Second, it doesn't scale. Pairwise interaction testing across even a modest number of covariates – say, 20 or 30 baseline variables – generates hundreds of tests. Three-way interaction effects, where the treatment response depends on the combination of two baseline characteristics simultaneously, are almost never systematically explored. They're too expensive to test exhaustively, too difficult to visualise, and easy to rationalise skipping. But three-way interactions are real, and they matter – particularly in oncology, where response to treatment often depends on a constellation of tumour and patient characteristics acting together.
Third, you can't validate on hold-out data after the fact. Once the trial is unblinded and you've run your exploratory analyses, there's no clean held-out set to test whether a finding is real or artefactual.
A landmark paper in the New England Journal of Medicine documented just how often subgroup analyses in major trials are reported without adequate pre-specification or correction for multiplicity, and how this leads to overconfident claims about differential treatment effects that don't replicate [2]. People aren't doing subgroup analysis badly – the standard toolkit makes it structurally difficult to do it well.
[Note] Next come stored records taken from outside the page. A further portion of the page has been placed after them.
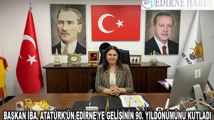 AK Parti Edirne İl Başkanı Belgin İba, Gazi Mustafa Kemal Atatürk'ün, Edirne'ye gelişinin 90. yıl dönümü nedeniyle mesaj yayımladı.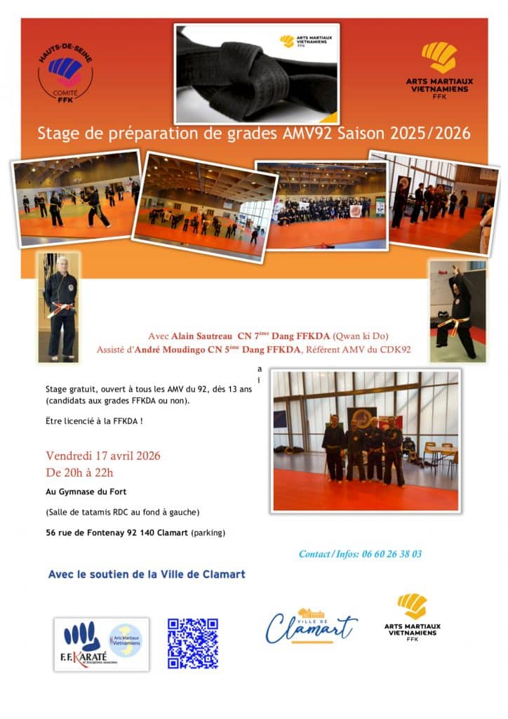 Le vendredi 17 avril 2026, le Comité départemental de Karaté des Hauts-De-Seine vous propose un stage de préparation et d’information aux grades AMV à Clamart de 20h00 à 22h00.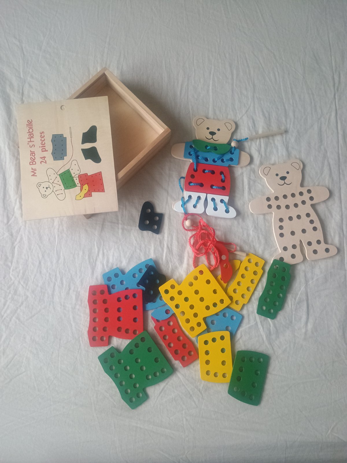 Šnúrky treba prezliecť cez dierku a tak obliecť šaty a príslušenstvo. Navliekaním deti trénujú jemnú motoriku.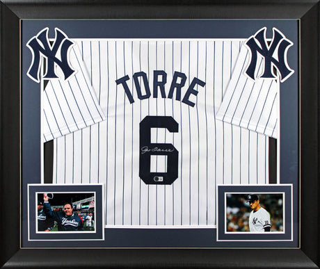 Joe Torre Authentic Signed White Pinstripe Pro Style Framed Jersey BAS Witnessed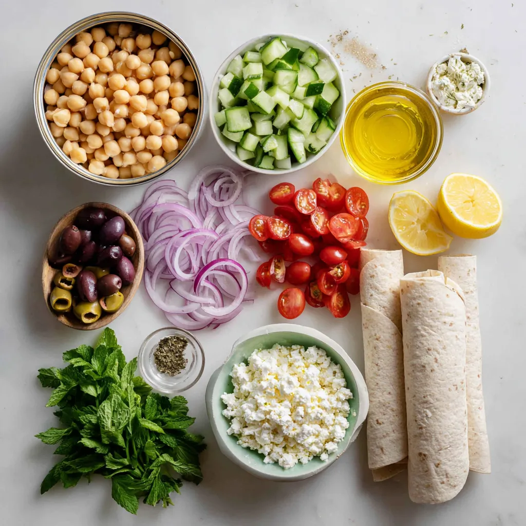 The key ingredients for Greek chickpea wraps are chickpeas, fresh veggies, and feta cheese. Chickpeas give protein and texture. Fresh cucumber and tomatoes add crunch and color. Red onion brings a mild bite. Feta cheese adds creaminess and saltiness, while Kalamata olives offer a briny flavor that makes your wraps pop.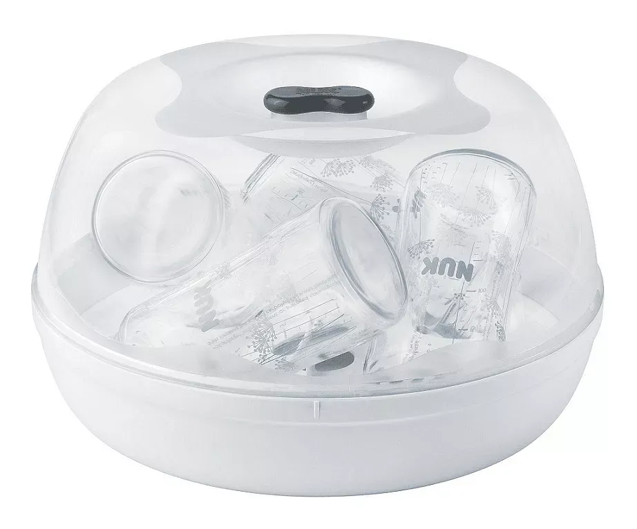 Стерилизаторът за микровълнова фурна NUK е компактно и изключително лесно за използване решение за всяко семейство. Той осигурява бърза и ефективна стерилизация, подходяща както за шишета, така и за аксесоарите на Вашето бебе. С този уред можете да стерилизирате до 4 шишета и аксесоари само за 4 минути.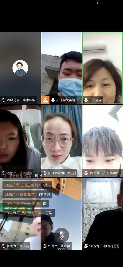 首先,馬江華副書記與大家重溫歷史,講述了五四運動的背景和五四青年節的來歷。接著,馬副書記圍繞“青年學、青年說、青年行”的主題,結合當前的抗疫之戰和當下學生們的思想,作為青年學生該學什么、說什么、做什么,引思大家思考,引導學生向優秀榜樣人物學習,傳播正能量,用積極的思想武裝自己。馬書記結合身邊鮮活事例,與同學們談心談話的方式,從青年學、說、行方面還分享了如何閱讀、怎樣管理自己的健康、時間和心態這四點,給學生們上了一堂生動黨課。視頻線上黨課氣氛熱烈,學生們積極互動,發言積極,這堂課給護院的學子們從思想上、行動上都給予了很好的指引和啟迪作用。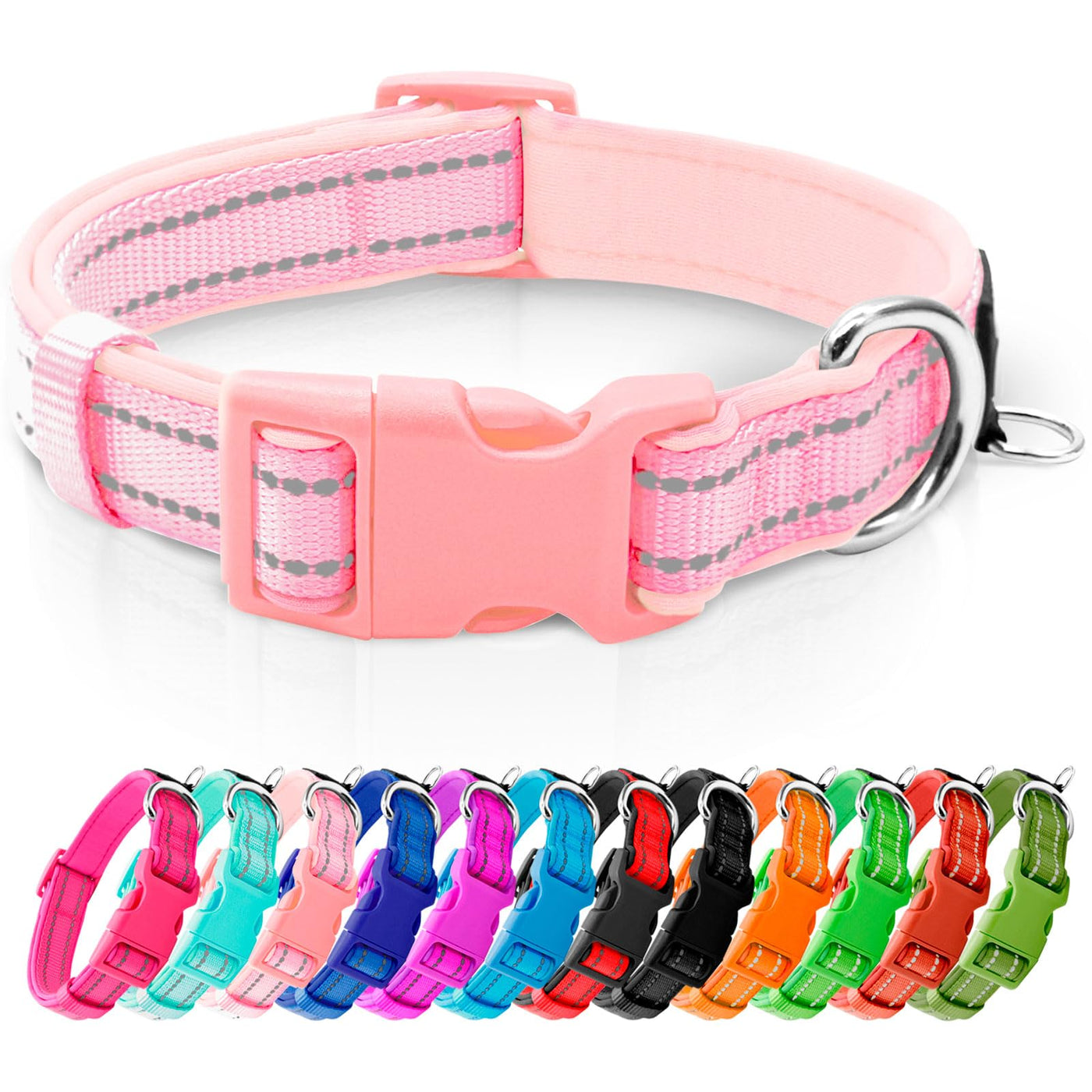 Reflective Strap:Dog collar with high-quality reflective threads for extra visibility from distance at night Neoprene Padded:Soft and breathable padded dog collar with high density nylon webbing comfy for dogs to wear for a long time Accessories:Premium ABS made buckle with variable trendy color options fashion look in dog and good taste for the ownerThe metal D ring is chrome coated to add durabilityDog colalr is convenient to adjust put on and take off Smart ID Ring:azuza dog collar is designed with an extra ID tag ring for the purpose of attaching dog charms tags pendants or accessories Size:X-Small Width 58 Neck Size 8-12 Small Width 34 Neck Size 10-16 Medium Width 1 Neck Size 14-20 Large Width 1 Neck Size 16-40

What systematic interaction discovery looks like
The alternative is to treat interaction discovery as a high-dimensional pattern recognition problem – which it is.
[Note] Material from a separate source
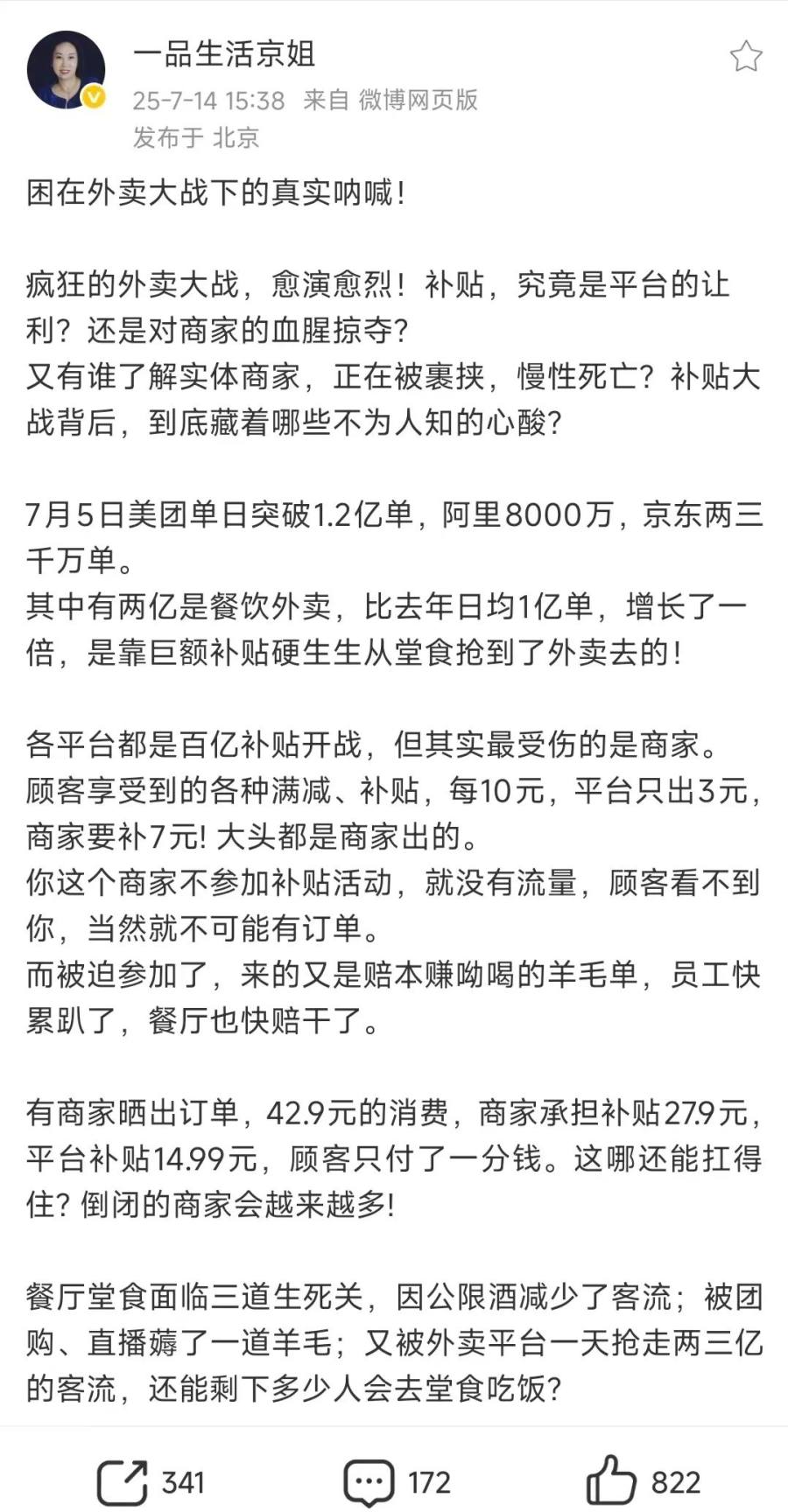“各平台都是百亿补贴开战,但其实最受伤的是商家。顾客享受到的各种满减、补贴,每10元,平台只出3元商家要补7元 !大头都是商家出的。”她在微博中表示,“餐厅堂食面临三道生死关,因公限酒减少了客流;被团购、直播薅了一道羊毛;又被外卖平台一天抢走两三亿的客流,还能剩下多少人会去堂食吃饭?”

Methods like iFOR (iterative Feature and Outcome Regression) and HDSI (High-Dimensional Subgroup Identification) approach this more systematically, using regularisation and recursive partitioning to search the interaction space more completely than manual methods allow. They represent a step in the right direction. But they still require expertise to apply, generate outputs that are hard to interpret clinically, and don't naturally extend to discovering the structure of interactions – not just whether an interaction exists, but what the underlying pattern looks like, and whether it's robust across subsets of the data.
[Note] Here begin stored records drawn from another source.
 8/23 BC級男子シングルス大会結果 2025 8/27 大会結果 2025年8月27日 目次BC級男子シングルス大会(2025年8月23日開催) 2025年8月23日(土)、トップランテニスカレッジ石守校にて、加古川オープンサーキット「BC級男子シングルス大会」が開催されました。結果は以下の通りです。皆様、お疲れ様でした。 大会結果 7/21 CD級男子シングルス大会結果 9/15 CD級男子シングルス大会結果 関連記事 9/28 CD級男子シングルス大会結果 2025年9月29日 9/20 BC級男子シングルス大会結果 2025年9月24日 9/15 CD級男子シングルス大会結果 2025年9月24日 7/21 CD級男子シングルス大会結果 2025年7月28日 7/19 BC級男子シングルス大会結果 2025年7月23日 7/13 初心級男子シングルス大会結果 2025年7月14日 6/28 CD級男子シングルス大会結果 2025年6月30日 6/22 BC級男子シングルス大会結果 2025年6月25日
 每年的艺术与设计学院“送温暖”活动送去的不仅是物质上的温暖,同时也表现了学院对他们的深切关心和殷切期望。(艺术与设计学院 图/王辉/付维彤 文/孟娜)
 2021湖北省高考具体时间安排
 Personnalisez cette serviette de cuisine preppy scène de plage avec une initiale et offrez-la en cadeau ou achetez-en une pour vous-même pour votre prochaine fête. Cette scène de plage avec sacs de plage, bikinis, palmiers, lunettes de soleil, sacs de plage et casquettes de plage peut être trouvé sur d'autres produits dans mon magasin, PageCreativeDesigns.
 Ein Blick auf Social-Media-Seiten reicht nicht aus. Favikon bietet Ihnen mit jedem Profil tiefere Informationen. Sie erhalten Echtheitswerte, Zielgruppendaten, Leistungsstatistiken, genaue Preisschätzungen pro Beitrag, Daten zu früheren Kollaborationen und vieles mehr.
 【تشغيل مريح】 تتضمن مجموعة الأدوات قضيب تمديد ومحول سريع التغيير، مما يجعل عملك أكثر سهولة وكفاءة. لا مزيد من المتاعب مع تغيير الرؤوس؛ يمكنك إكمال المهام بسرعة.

Machine learning changes what's tractable here. A deep learning model trained on your tabular clinical data will, if it achieves genuine predictive performance, have learned something about how baseline characteristics combine to determine treatment response. The question is whether you can extract that knowledge in a form that's scientifically and regulatorily useful.
Interpretability is the key step. Not SHAP alone – SHAP is excellent at marginal feature importance but doesn't naturally surface the interaction structure you care about. What you need is a method that identifies which combinations of baseline variables are jointly predictive of heterogeneous treatment effects, ranks them by effect size and statistical significance, and renders them in terms a clinician can evaluate. The interaction between, say, elevated CRP and low baseline ECOG status might collectively predict a differential response that neither variable predicts alone. That's the kind of thing that gets missed.
Hold-out validation is what makes a finding defensible. If a model trained on 70% of your data identifies a biomarker × treatment interaction, and that interaction validates on the remaining 30% with maintained statistical significance, you have something qualitatively different from a post-hoc subgroup analysis. You have evidence that the pattern generalises, that it's not an artefact of multiple testing, and that it was discoverable from the data before you looked at outcomes.
The workflow that matters: before Phase III
The correct time to run systematic interaction discovery is before you lock the Phase III SAP.
The evidence base for this is your Phase I/II data, or existing prior trials where you have individual patient data. Run Disco on that data. Let it search the full interaction space – pairwise and higher-order – across all the baseline variables you've collected. Use interpretability to identify the patterns that are strongest, most clinically coherent, and most likely to represent genuine heterogeneity of treatment effect. Validate on held-out subsets. Then take the ranked list of validated findings to your SAP, and pre-specify the ones that meet your credibility threshold.
The output is a prioritised set of candidates for pre-specification – hypotheses generated from the data itself, validated before the pivotal trial runs, and defended on that basis. These feed directly into SAP design as inputs to pre-specification, not as results to be reported alongside the primary analysis.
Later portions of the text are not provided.